Namun sayangnya, dari 10 orang yang disembuhkan, hanya 1 orang saja yang kembali untuk memuliakan Allah dan mengucap syukur. Hal ini memperlihatkan bahwa mengucap syukur itu sekalipun sederhana, namun mudah dilewatkan. Pertanyaannya kenapa hanya 1 orang yang kembali untuk mengucap syukur? Karena ia mengingat Allah. Ia sadar walaupun belum sampai ia di Yerusalem, namun penyembuhan yang ia terima tidak dapat dipungkiri adalah pekerjaan Allah. Saudaraku yang terkasih, dari kisah ini kita hendak belajar:

1.   Kita tidak bisa memaksa Allah memberi apa yang kita mau.

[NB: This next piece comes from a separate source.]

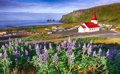 Explore the dramatic volcanic landscape of Kerið, known for its vivid red slopes and striking blue crater lake. Visit the charming Faxafoss, a peaceful waterfall offering beautiful countryside views.
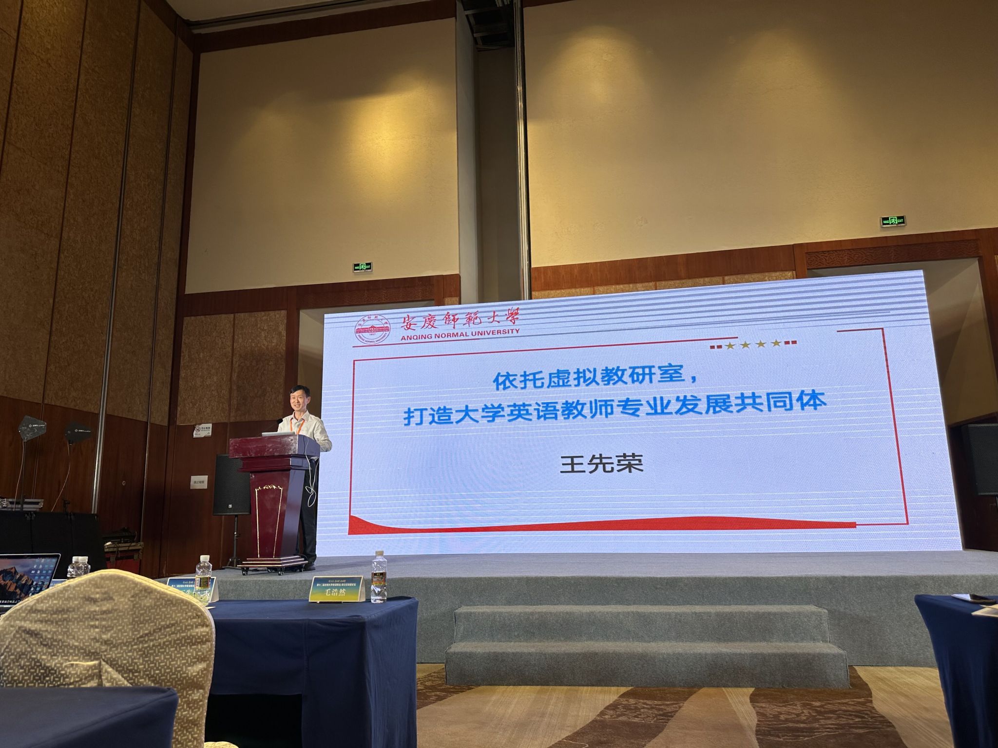 王先荣在“教师为本,推进共同体建设”平行论坛上做了题为“依托虚拟教研室,打造大学英语教师专业发展共同体”的专题报告。他介绍了虚拟教研室建设的背景、内涵、内容和原则,并着重从“创新组织模式,筑牢群体认同基础;依托智慧平台,打造教学资源共建共享共同体;开展校际课程共建,建设教学协同共同体;打造品牌教研活动,建设教研创新共同体”四个方面与参会代表们分享了大学英语虚拟教研室"安徽实践"经验,阐明了虚拟教研室建设在以教师发展为引领的教育教学改革新时代所发挥的积极作用。

Seperti 10 orang kusta atau Naaman yang tidak bisa memaksa Allah untuk langsung menyembuhkan mereka secara instan. Dari bacaan ini kita justru belajar bukan memaksa Allah mengikuti apa yang kita mau, tetapi kita belajar memaksa diri kita untuk mengikuti apa yang Tuhan mau.

2.   Percaya bukan hanya sebatas kata dan keinginan, namun juga tindakan. Tindakan percaya dengan mengikuti apa yang Tuhan mau akan mendatangkan kebaikan untuk kita.

3.   Jangan lupa untuk mengucap syukur pada Allah sebab sekalipun kita seringkali lupa akan kebaikanNya dan tidak setia kepadaNya, (2 Timotius 2 : 13) Dia tetap setia. Mengucap syukur itu perlu dibiasakan. Mulailah dari diri sendiri dan mulailah dalam keluarga kita.